Dataset records START

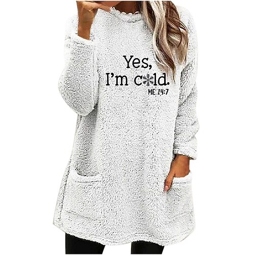 Per donna Felpa Pullover Lettera Casual Manica Lunga Girocollo Top lunghi Streetwear Abbigliamento Quotidiano Tasca Stampato Blu Nero Bianco Rosa Verde militare Autunno Inverno
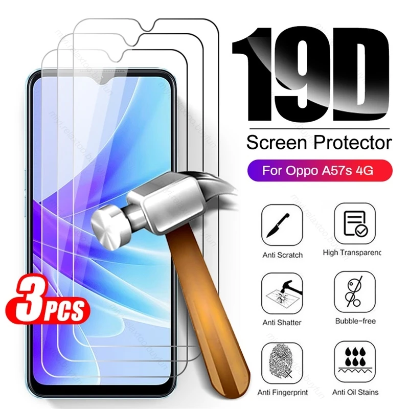 3 uds Protector de pantalla de cubierta completa de vidrio templado para Oppo A57 A57s A 57 s 57 S 4G 5G 2022 6,56 "cubierta protectora de película protectora de teléfono
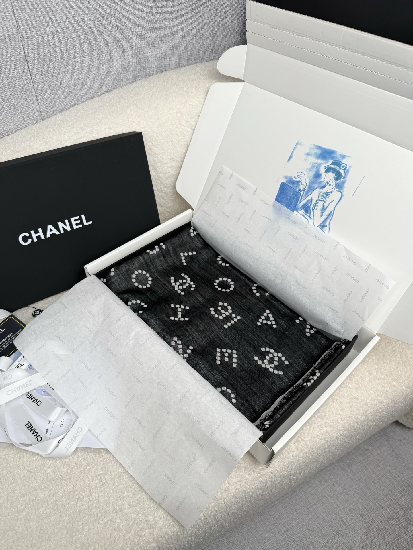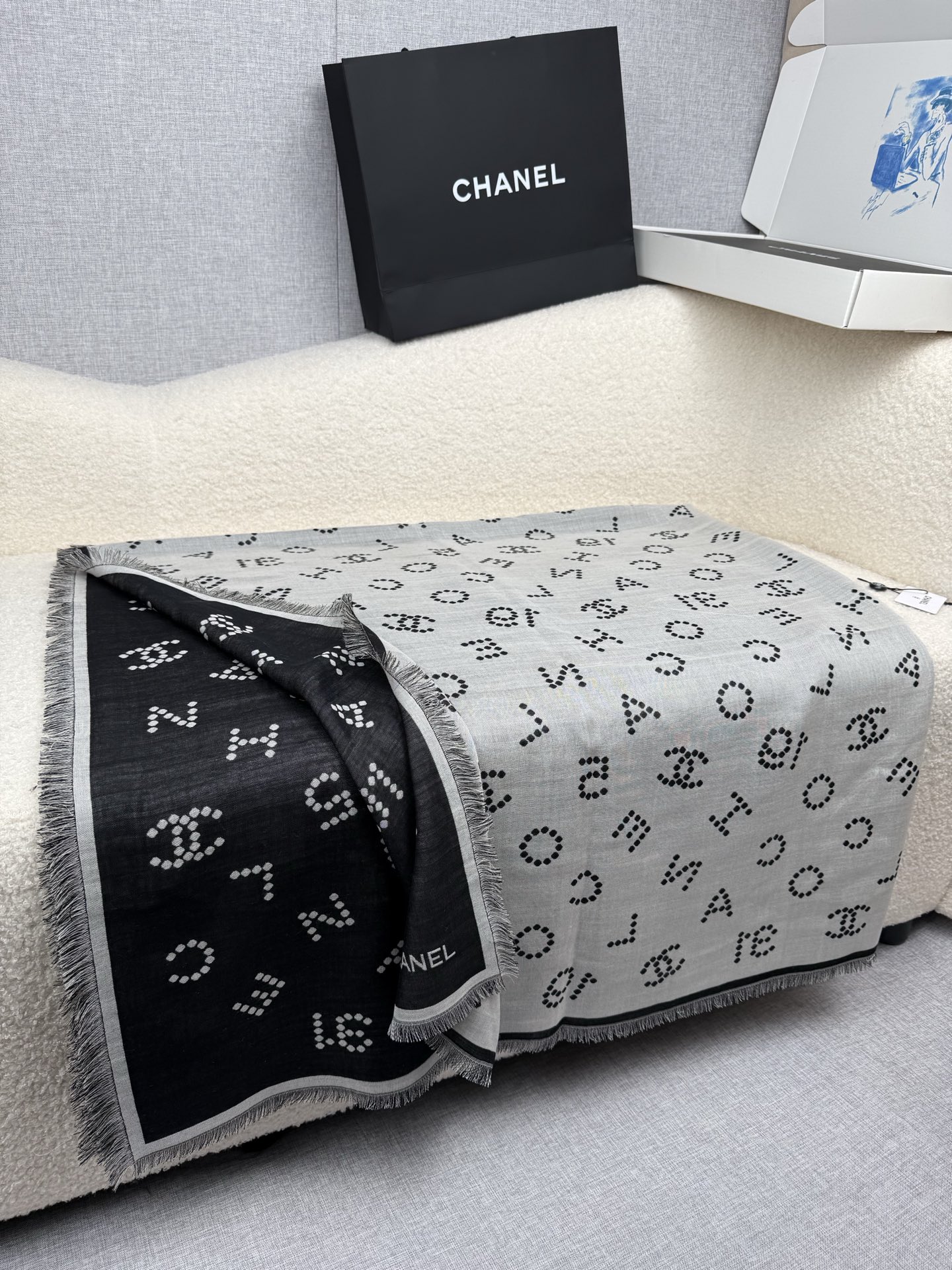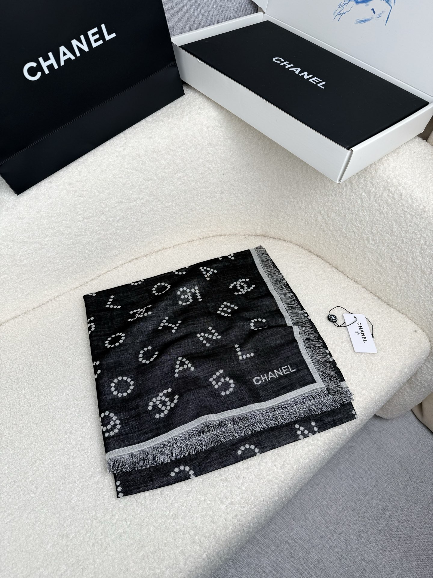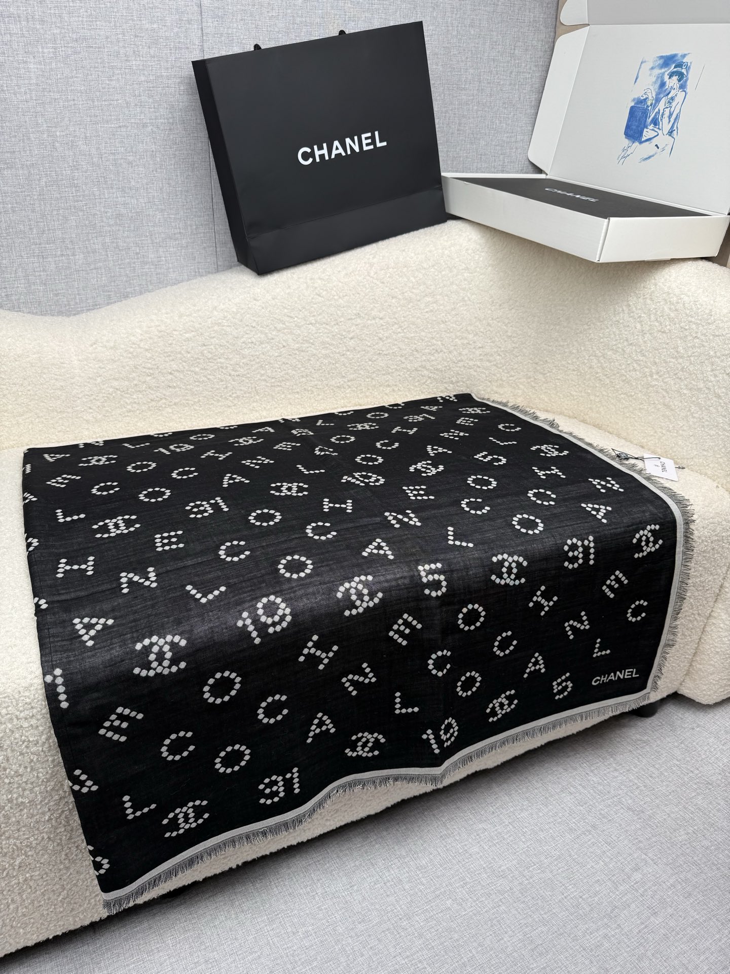 This Chanel double-sided jacquard scarf is a must-have for the season. Its versatile design and luxurious feel make it a standout accessory.
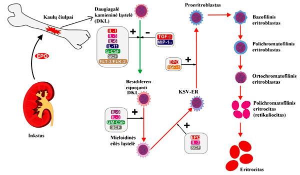 El eritrocito empieza a dispersar receptores para la eritropoyetina en la superficie de membrana. La eritropoyetina activa una serie de cascadas de transducción de señales intercelulares que inicialmente producen la síntesis de hemoglobina y hace que los reticulocitos actúen de manera más rápida y sean liberados a la circulación.
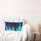 Een abstract kunstontwerp van verlichte bossen met bomen die tegen een zwarte nachtelijke hemel zijn gesilhouet.
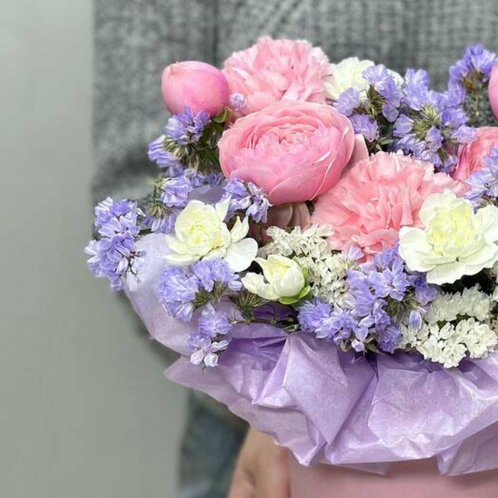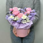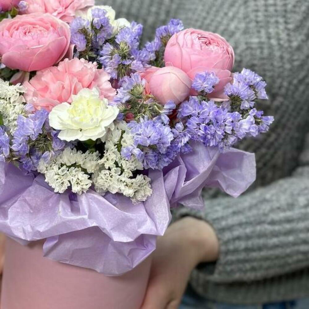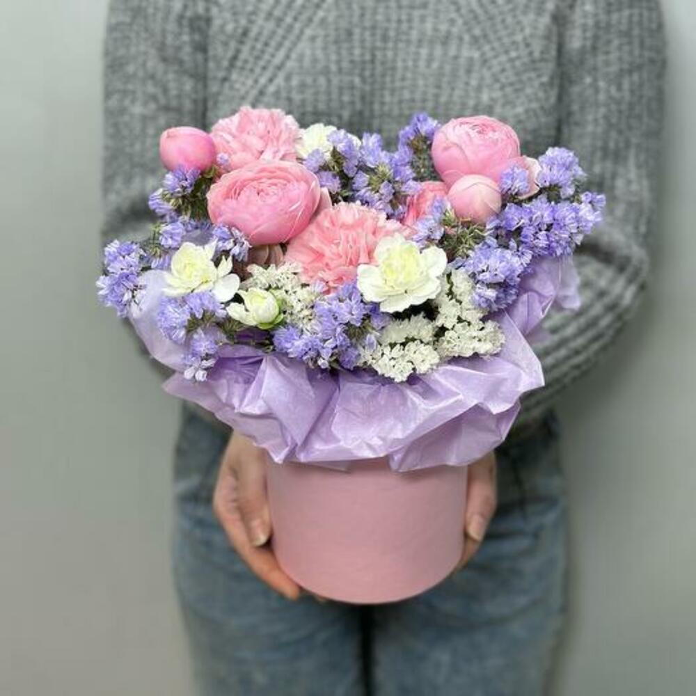 Hatbox - 1 шт. carnation white - 1 шт. dianthus pink - 2 шт. цветочный оазис - 1 шт. white statice - 1 шт. лиловая статица - 1 шт.
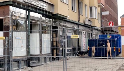 I grannfastigheten, Tornbergska huset härjar byggbolaget Baltic-gruppen med rivningsarbete efter en långdragen strid, där kommunen och Baltic-gruppen axel-vid-axel sablat ned umeborna och kulturvetarna. Butiker och Umeås bästa vegetariska restaurang har deporterats till nya lokaler. Tornbergs modehus till Rådhusesplanaden och Rost restaurang ett stycke bort på Skolgatan.
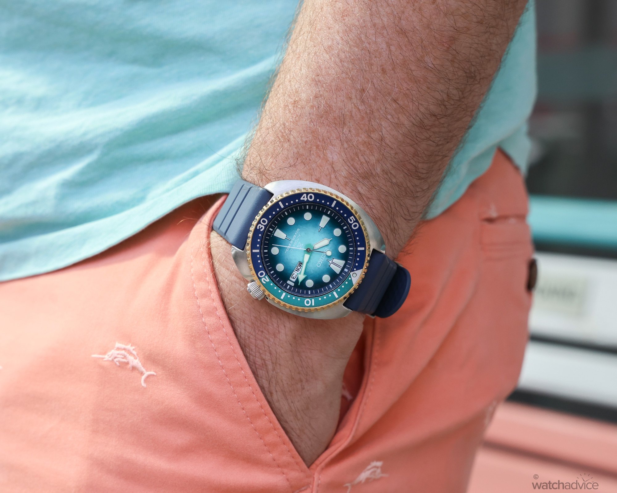 I first saw the new Seiko Prospex “Kame” a few days before its launch at the Seiko x Watch Advice night, and when I first saw the photos on screen, I thought it was actually quite a nice looking watch with a good use of the colour which take inspiration from the waters and sands around Fitzroy Island in North Queensland. However, it wasn’t until I was able to put it on my wrist on the night that I was really sold.
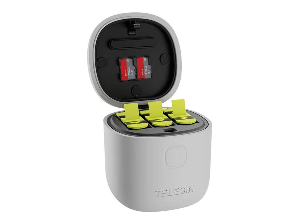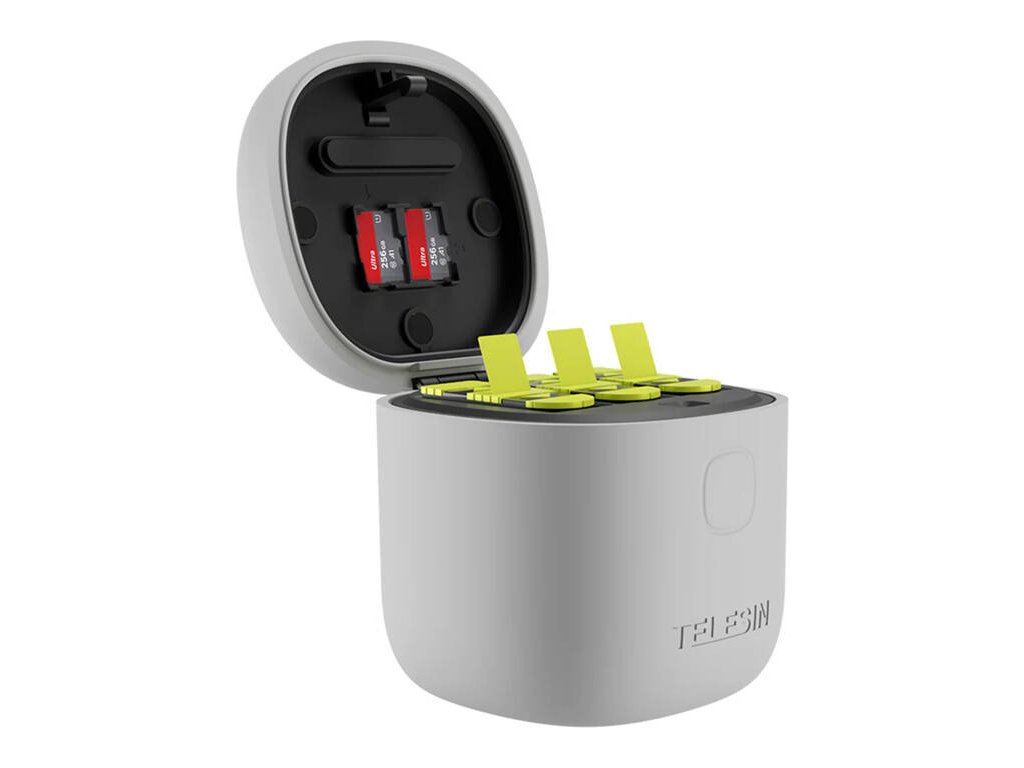 Špeciálne navrhnutý pre kamery GoPro Hero 9, 10, 11 a 12, TELESIN Allin Box kombinuje funkcie nabíjania, ukladania a čítania pamäťových kariet. Dodáva sa s tromi vysokokapacitnými dobíjacími batériami, ktoré ponúkajú dlhšiu výdrž batérie v porovnaní s originálnymi batériami a poskytujú vašej kamere neobmedzený výkon!

Dataset records END

Skipping all images, print the data above a second time exactly.

◆ Solved exercise
 Per donna Felpa Pullover Lettera Casual Manica Lunga Girocollo Top lunghi Streetwear Abbigliamento Quotidiano Tasca Stampato Blu Nero Bianco Rosa Verde militare Autunno Inverno
 3 uds Protector de pantalla de cubierta completa de vidrio templado para Oppo A57 A57s A 57 s 57 S 4G 5G 2022 6,56 "cubierta protectora de película protectora de teléfono
 This Chanel double-sided jacquard scarf is a must-have for the season. Its versatile design and luxurious feel make it a standout accessory.
 El eritrocito empieza a dispersar receptores para la eritropoyetina en la superficie de membrana. La eritropoyetina activa una serie de cascadas de transducción de señales intercelulares que inicialmente producen la síntesis de hemoglobina y hace que los reticulocitos actúen de manera más rápida y sean liberados a la circulación.
 Een abstract kunstontwerp van verlichte bossen met bomen die tegen een zwarte nachtelijke hemel zijn gesilhouet.
 Hatbox - 1 шт. carnation white - 1 шт. dianthus pink - 2 шт. цветочный оазис - 1 шт. white statice - 1 шт. лиловая статица - 1 шт.
 I grannfastigheten, Tornbergska huset härjar byggbolaget Baltic-gruppen med rivningsarbete efter en långdragen strid, där kommunen och Baltic-gruppen axel-vid-axel sablat ned umeborna och kulturvetarna. Butiker och Umeås bästa vegetariska restaurang har deporterats till nya lokaler. Tornbergs modehus till Rådhusesplanaden och Rost restaurang ett stycke bort på Skolgatan.
 I first saw the new Seiko Prospex “Kame” a few days before its launch at the Seiko x Watch Advice night, and when I first saw the photos on screen, I thought it was actually quite a nice looking watch with a good use of the colour which take inspiration from the waters and sands around Fitzroy Island in North Queensland. However, it wasn’t until I was able to put it on my wrist on the night that I was really sold.
 Špeciálne navrhnutý pre kamery GoPro Hero 9, 10, 11 a 12, TELESIN Allin Box kombinuje funkcie nabíjania, ukladania a čítania pamäťových kariet. Dodáva sa s tromi vysokokapacitnými dobíjacími batériami, ktoré ponúkajú dlhšiu výdrž batérie v porovnaní s originálnymi batériami a poskytujú vašej kamere neobmedzený výkon!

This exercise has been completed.